After the dust of the university pension strikes has settled, many will wonder what brought the UK’s higher education sector into such a state of conflict?
One area of division has been the sources of information used by both parties. At the start of the dispute, the facts, as relayed by universities, seemed incontrovertible: a £6.1 billion deficit had to be filled and massive cuts were the answer.
However, staff on picket lines began to obtain information via social media, rather than merely relying on messages from university communication offices.
As a political scientist, I teach how power can take a variety of forms. The most direct form of power is the ability to harm someone until they do what you want.
Excessively punitive responses to the strike action, such as attempts to dock additional pay for non-rescheduled classes or for working to contract, reflect this attempt at power, the “we can hurt you, so we will” idea. Authoritarian regimes are good at exercising this type of power, but it comes with legitimacy problems.
However, other types of power are more covert.
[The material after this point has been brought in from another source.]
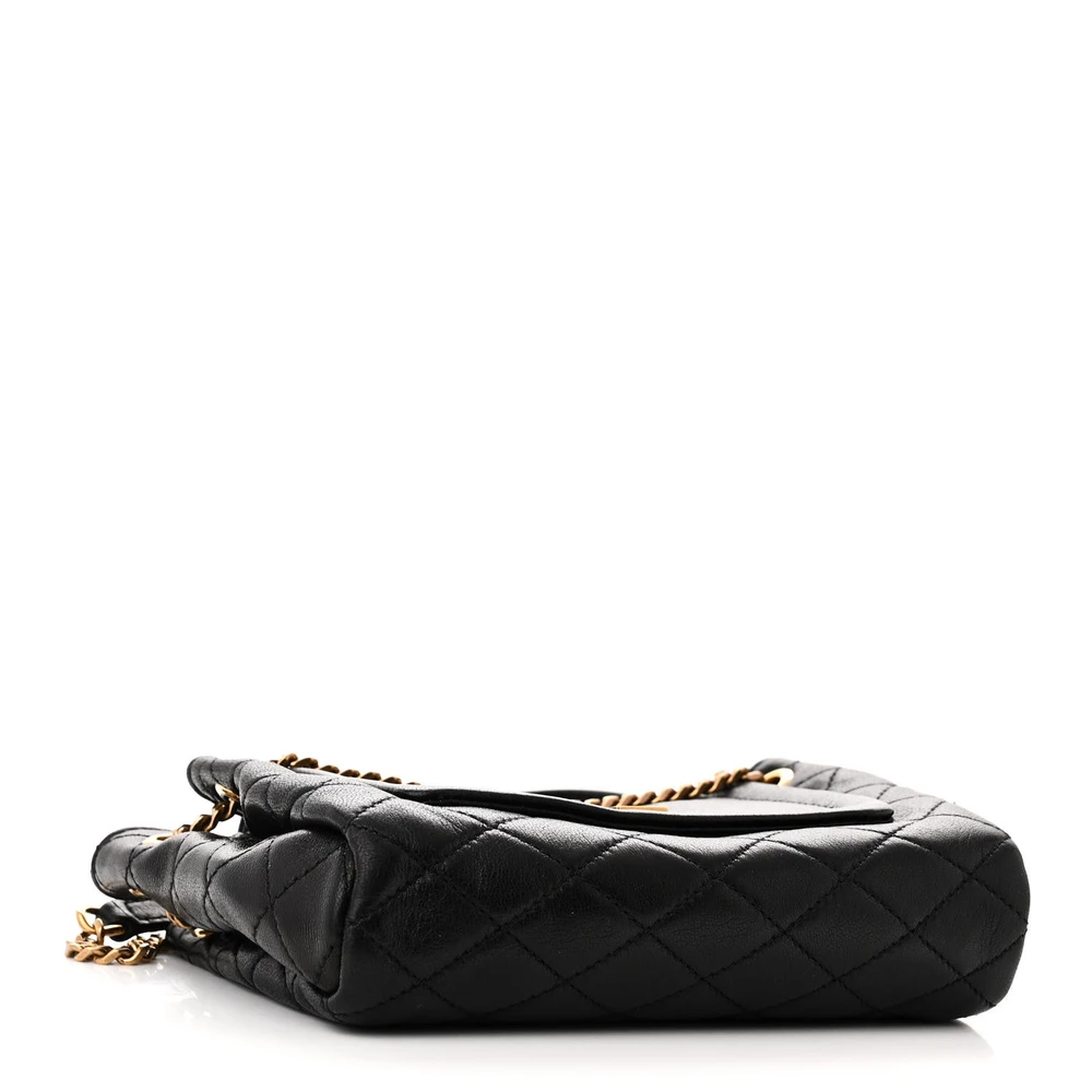 This Mini Nolita in Black is crafted from Quilted Monogram Lambskin Leather with aged gold hardware. Its compact size is perfect for essentials, while the luxurious material adds a touch of sophistication. A stylish choice for casual outings or evening events.

In the most successful exercise of power, the masses even come to believe that their interests align with those who govern them – something that has worked for university leaders up to now.
With the strikes, management’s ability to exercise power has faded due to the availability of detailed and reasoned alternative accounts of the changes from colleagues on social media.
Many now feel deliberately deceived by managers and are at a point where the legitimacy of university employers and Universities UK has come into question.
Early articles problematising the declarations of the Universities Superannuation Scheme’s purported £6.1 billion deficit were written by University of Warwick economist Dennis Leech. Other people, well versed in statistics, examined what they found to be a flawed valuation model behind the stated deficit, as in this piece by UCL academic Sean Wallis.
Michael Otsuka, from the London School of Economics, has also been digging into the number of institutions involved in supporting the new valuation and found a discrepancy in the figures.
With painstaking effort and some crowdsourcing via social media, he was able to uncover a story of how Oxford and Cambridge colleges had been counted individually in the consultation process, which exaggerated the voices of these institutions.
But why? Some clues were unearthed in an old Times Higher Education piece. Universities that perceived themselves to be at the top of the heap did not want to carry the risk of other institutions in the scheme – the so-called last man standing problem.
If institutions with the USS retirement scheme could go bankrupt, those remaining did not want to pick up the pension responsibilities for employees. In short, the increased volatility of today’s market-driven system has led to an overly cautious attitude towards risk.
This has prompted some individuals, including former business secretary Vince Cable, to conclude that state backing is needed to overcome this risk aversion.
Social media has also helped USS members to understand that universities were not merely averse to risk from other institutions, but also to pension responsibilities towards their own staff.
Defined benefit pension systems keep such responsibilities on the books, while defined contribution pension systems can clear them as accounting liabilities. This is not just an accounting issue – it is a question of priorities.
If teaching and research are the main missions of universities, one would think that staff should be a priority in budgeting. But perhaps the allure of real estate and property development has tempted some university managers to consider removing pension responsibilities from their books.
All this information and much more became available via Twitter. And academics and other university staff, curious as to why they were being told that their pensions would be halved, were reading it.
Universities UK and many vice-chancellors have, however, continued to insist that the pension fund faces an enormous insurmountable deficit – with no acknowledgement of the questions raised regarding the valuation process.
But they can only ignore the insights produced by this academic digging for so long.
Sherrill Stroschein is a reader in politics at University College London.